> [Supplied data]:
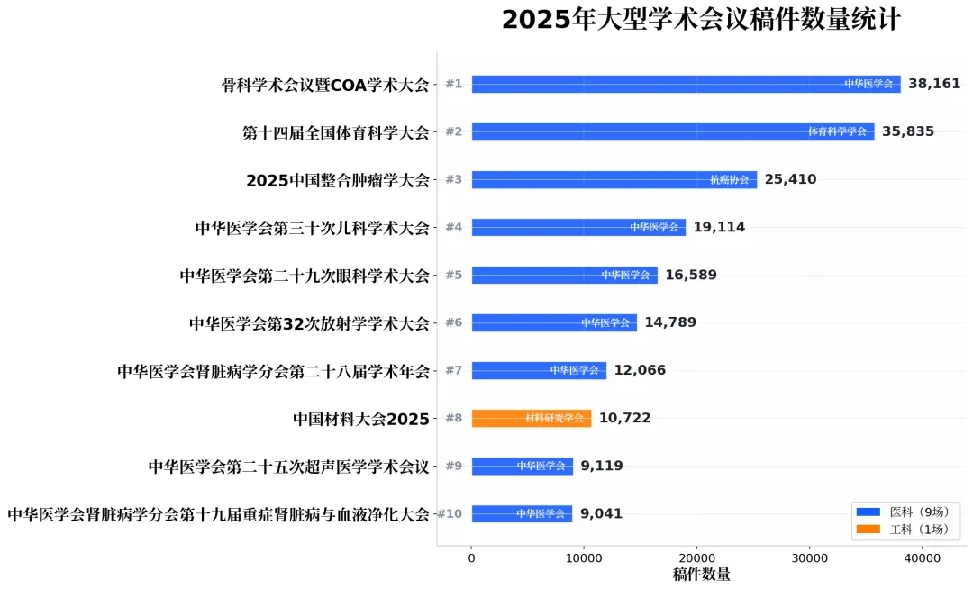 医科不仅在会议数量上占据近三分之二的市场份额,更在超大型会议规模、投稿学术产出、品牌影响力方面全面领先;与之相对的是,交叉学科供给严重不足,跨学科学术交流机制仍不完善。
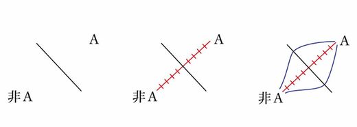 「賢くない(非A)」と「賢い(A)」という状態を考える場合、左の図は、両者を質的に異なるものとして区別する立場――例えば、「極端な生まれつき主義」のような立場を表します。
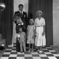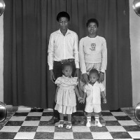 545. EAP054/1/46/545 Reference (shelfmark): EAP054/1/46/545 Title: Recreational photograph [c 1984 - 1985] Scope & Content: Man holding flowers in right hand with 3 children. Format of original: 59mm x 59mm plastic negative Collection Area: Endangered Archives Programme Languages: Not applicable Date Range: 1984-1985 Extent: 1 TIFF image
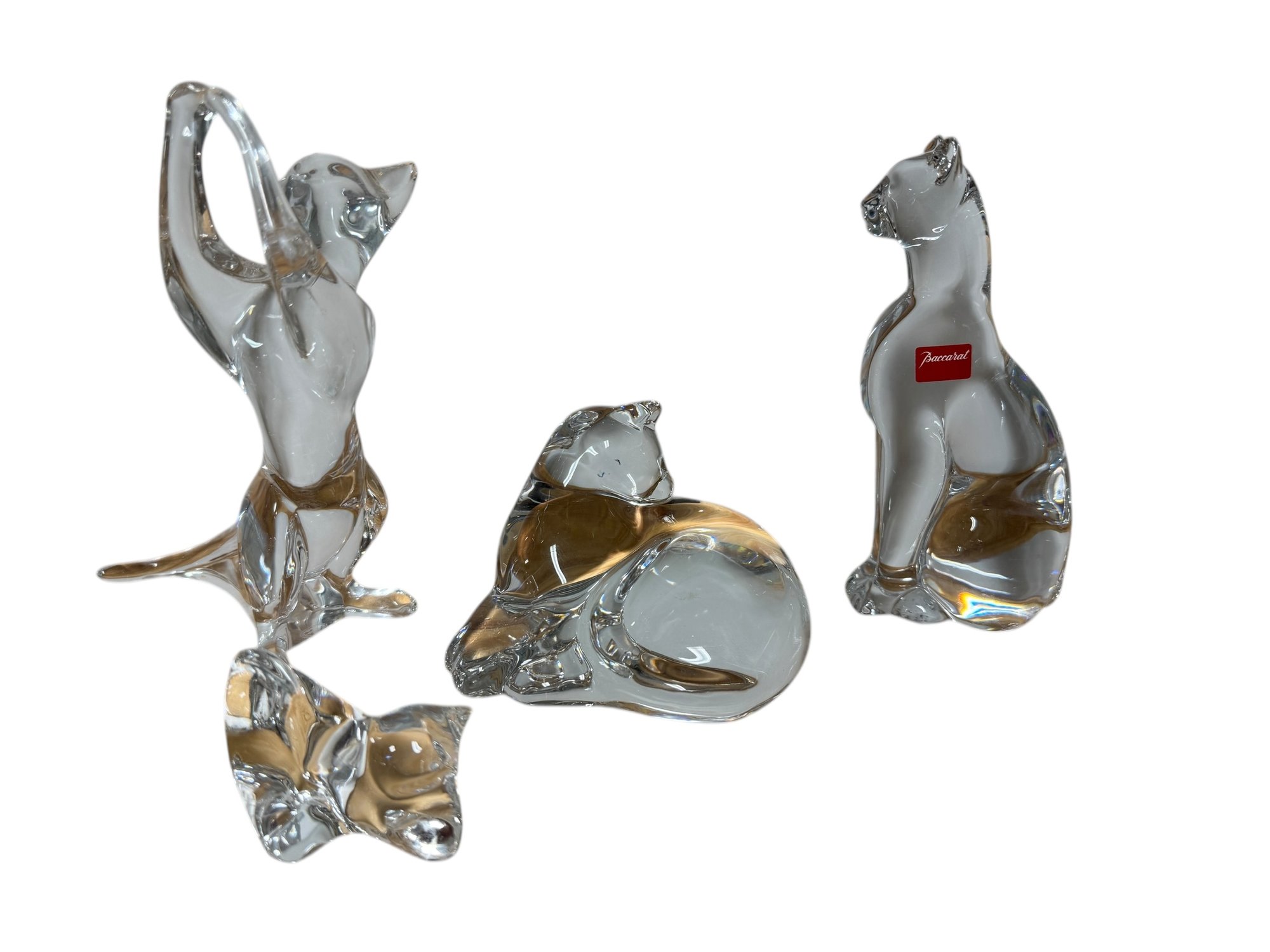 4 Baccarat Cat Kitty Figurines Sculptures, Perfect Condition. You're buying the 4 as a lot, they are lovely! All are signed Baccarat. The tallest is 6.5"

> [Action item]: Return the listing verbatim, pictures excluded.

> [Answer box]:
 医科不仅在会议数量上占据近三分之二的市场份额,更在超大型会议规模、投稿学术产出、品牌影响力方面全面领先;与之相对的是,交叉学科供给严重不足,跨学科学术交流机制仍不完善。
 「賢くない(非A)」と「賢い(A)」という状態を考える場合、左の図は、両者を質的に異なるものとして区別する立場――例えば、「極端な生まれつき主義」のような立場を表します。
 545. EAP054/1/46/545 Reference (shelfmark): EAP054/1/46/545 Title: Recreational photograph [c 1984 - 1985] Scope & Content: Man holding flowers in right hand with 3 children. Format of original: 59mm x 59mm plastic negative Collection Area: Endangered Archives Programme Languages: Not applicable Date Range: 1984-1985 Extent: 1 TIFF image
 4 Baccarat Cat Kitty Figurines Sculptures, Perfect Condition. You're buying the 4 as a lot, they are lovely! All are signed Baccarat. The tallest is 6.5"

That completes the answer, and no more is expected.